¿Es posible la telepatía?

No, pese a mi largo periodo de inactividad (ya estoy de vuelta) no he decidido convertir mi blog en un sitio de pseudociencia, estoy hablando de telepatía a niveles más primarios (y no de lo que hace Charles Xavier con los X-men).

Los pensamientos y las señales eléctricas

Es bien sabido que las neuronas se comunican mediante impulsos nerviosos, que las neuronas expresan en forma de señales eléctricas. A grandes rasgos, lo que nuestro cerebro hace es codificar y descodificar estas señales. Es decir, cuando escuchamos por ejemplo una canción, nuestros órganos (en este caso nuestros oídos) convierten el estímulo exterior en un impulso nervioso que va a nuestro cerebro en forma de impulso eléctrico. El cerebro descodifica e interpreta este impulso nervioso y emite una respuesta para nuestros oídos. Aunque parece muy sencillo, aún no sabemos cuál es el lenguaje que usan las neuronas o como están codificadas estas señales. De hecho, la Agencia de Investigación de Proyectos Avanzados de Defensa (DARPA) lleva algunos años intentando traducir estos impulsos a código binario.

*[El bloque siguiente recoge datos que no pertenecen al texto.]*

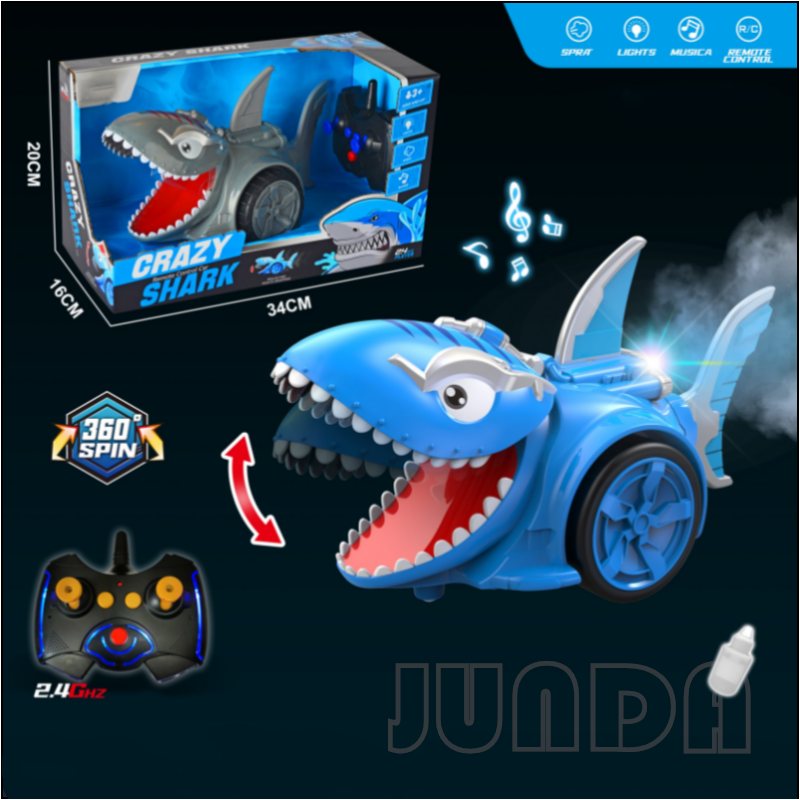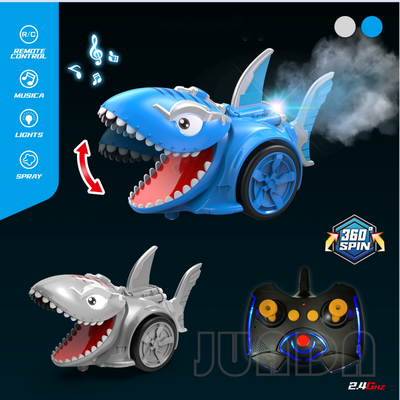 Forward/Backward,Turn left/right,Demo, lights, sounds ,rotation ,spraying , their mouth open and close when walking

¿Y qué tiene que ver esto con la telepatía? Pues básicamente que los científicos han conseguido identificar zonas del cerebro muy concretas que se encargan de tareas muy específicas. Estudiando estos circuitos neuronales y sus patrones de actividad mediante implantes cerebrales o electroencefalografía es posible extraer los datos a un dispositivo externo y procesarlos.

Conexiones máquina-cerebro y cerebro-cerebro

El avance de la tecnología, con mecanismos más precisos y mayor capacidad para procesar datos ha permitido realizar avances enormes en el estudio de la neurociencia. En el año 2002, Kevin Warwick se implantó un chip en su antebrazo que registraba la actividad eléctrica de sus neuronas sobre el mismo, y de esta manera, pudo transmitir las ordenes de movimiento que emitía su cerebro a un brazo robótico. Más tarde, investigadores de la universidad de Pittsburgh consiguieron que en 2016 un paciente tetrapléjico ejecutara varias órdenes generadas en su cerebro a través de un brazo protésico, lo cual fue posible gracias a un implante cerebral. De manera similar, consiguieron estimular el sentido del tacto en el paciente, trasmitiendo una señal eléctrica a la zona del cerebro encargada de la sensación del tacto de un dedo.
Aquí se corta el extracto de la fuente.